I completely understand what your point is, but it remains a reduction to the absurd as it ignores all the subleties of cosmogenenis and the research and philosophical argument on it. That's like if you said about biology that there is only two state of life: dead or alive. That's an absurd simplification and is, in my opinion, "not even wrong".

Yes, this reasonning is facile and caricatural as it ignores, side-step, misrepresent and caricature the problems of cosmogenesis.
 
Last edited:

A Vestigial Mote

Well-Known Member
Any that don't concern themselves with actually representing the reality we can experience and evidence to one another to some accurate degree, yes.
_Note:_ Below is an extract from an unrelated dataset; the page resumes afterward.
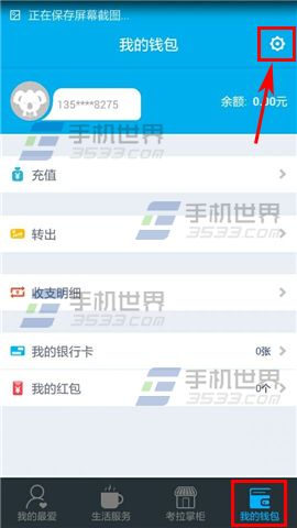 1)打开拉卡拉,在【我的钱包】栏点击右上角的【齿轮标志】,选择【账户安全】;(如下图)
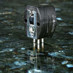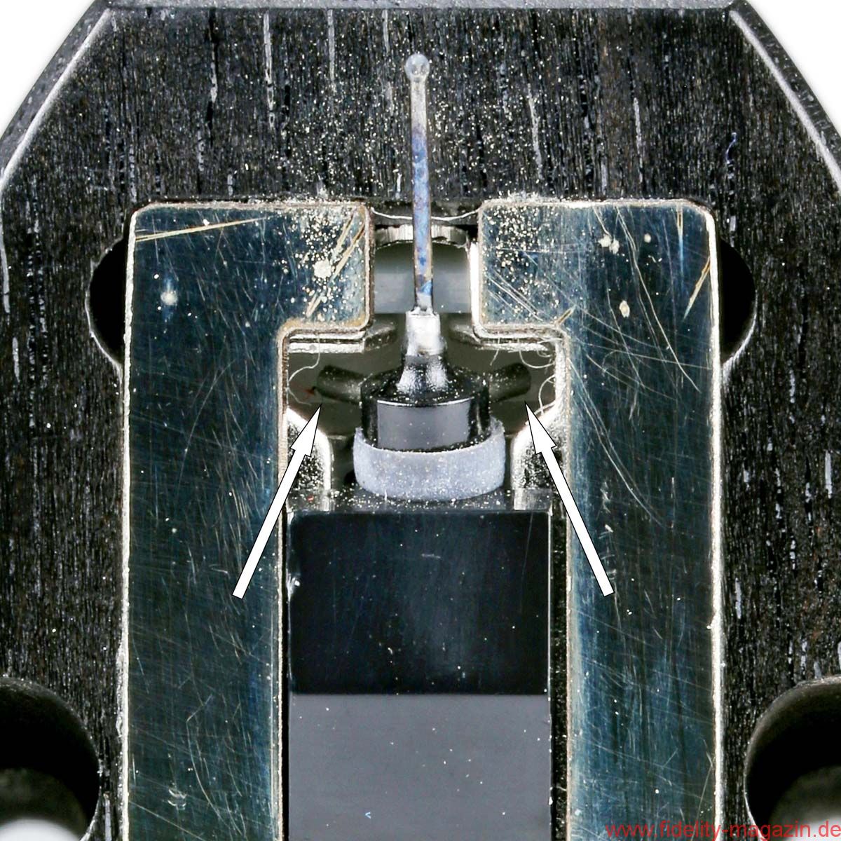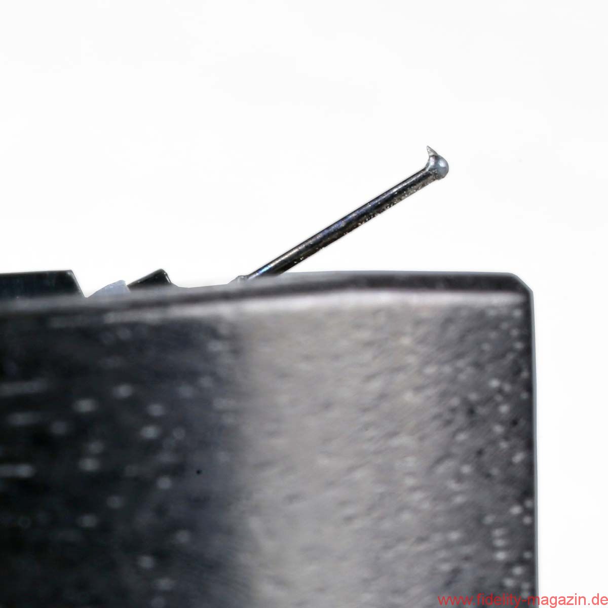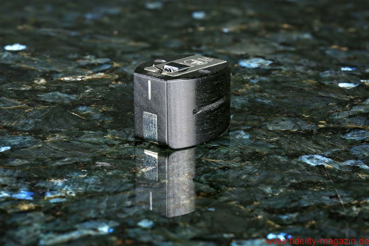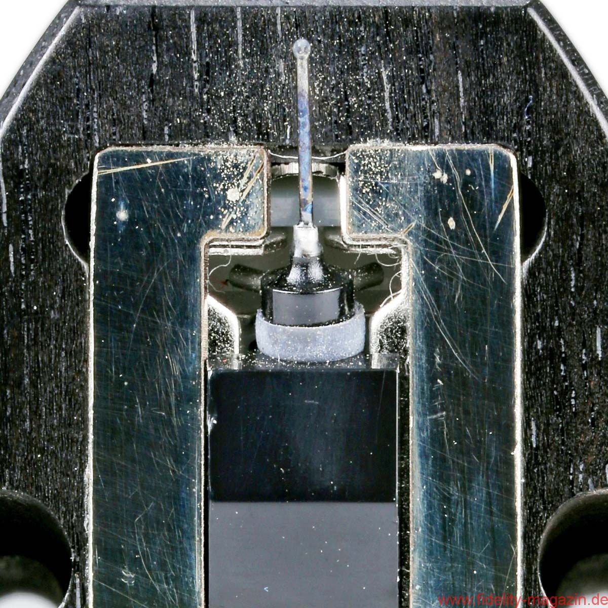 Die kleineren Geschwister unterscheiden sich bei Clearaudio oft nur durch den Selektionsgrad der verwendeten Bauteile. Für den charismatischen König der bewegten Magnete wurde aber erheblich mehr investiert. Ein gutes Jahr wurde probiert, verglichen, verworfen und immer wieder gehört. Daher wundert es nicht – sowohl angesichts des Klanges als auch der geforderten fünfzehnhundert Euro –, dass nur die feinsten Zutaten des Hauses zum Einsatz kommen. Den Bor-Nadelträger samt doppelt poliertem Diamanten mit Gyger-S-Schliff findet man auch am Übertonabnehmer Goldfinger Statement. Statt den winzigen Diamanten wie üblich mittels Kleber zu fixieren, wurde er zunächst mit höchster Präzision auf seinem Träger justiert und dann in das Bor-Röhrchen gepresst. Nur ein mikroskopisch kleiner Kleberklecks fixiert sicherheitshalber, ohne zu viel Energie zu absorbieren. Die Selektion der für die sportliche Ausgangsspannung nötigen leistungsstarken Magnete dürfte ihre Zeit in Anspruch genommen haben – Clearaudio spricht von hundertprozentigen Paarungen. Auch auf die Feinabstimmung des Resonanzverhaltens wurde Wert gelegt. Ein handpolierter Ebenholzbody mit präzise in Material und Masse herausgehörter Neusilber-Einlage lieferte dann das gewünschte – im Zusammenspiel mit Antrieb und Auslesefähigkeit perfekt harmonierende – Ergebnis.

They are expedient, quick explanations for things for which zero evidence is presented or felt to be expected. Which is why the faithful very often find their backs against a very hard and uncomfortable wall when someone actually does ask a question about a provided explanation that exposes that it doesn't adequately cover all aspects of the reality we find ourselves in. Hence the reason that questions in many religious spheres are actively discouraged by the "authorities" of said religion, and the reason believers are so often to be found trying to convince people that they don't have the authority to question God, or that doing so is somehow immoral or harmful. There's nothing to these explanations. Nothing. The above items I commented on are the hallmark activities of people who know they are holding empty bags, even as they'd like to offer them to people as the solution to all their problems.
 

Windwalker

Veteran Member
Premium Member
I didn't.
Since this is an unsubstantiated claim of yours, as there was no quote whatsoever you used for backing up this claim....
The title of the thread alone is a quote. Plus, I've read several of these "questions for atheists" threads of yours, and they usually have to do with rejecting science as an explanation for the natural world.

As in your thread title, "Are Religious Explanations Always Facile?" You call them "explanations", as if they argue against science. Then you set out to position them against what Dawkins, as an evolutionary biologist, believes in has natural explanations. Most clearly, you are not accepting science, and instead are arguing for a "religious explanation" (your words quoted).

I'll wait a bit before I reply to the rest of your posts.
Thanks, I appreciate it. I'd like to have meaningful discussion with you about this.
 

sojourner

Annoyingly Progressive Since 2006
I'll stick with the definitions, not apologetics
In this case, definitions out of context are moot, because we’re dealing with translation, not science. What’s necessary is to understand what the writers meant. The English term “void” cannot, by its definition out of context, be used as a baseline.

And it’s not “apologetics.” It’s exegesis.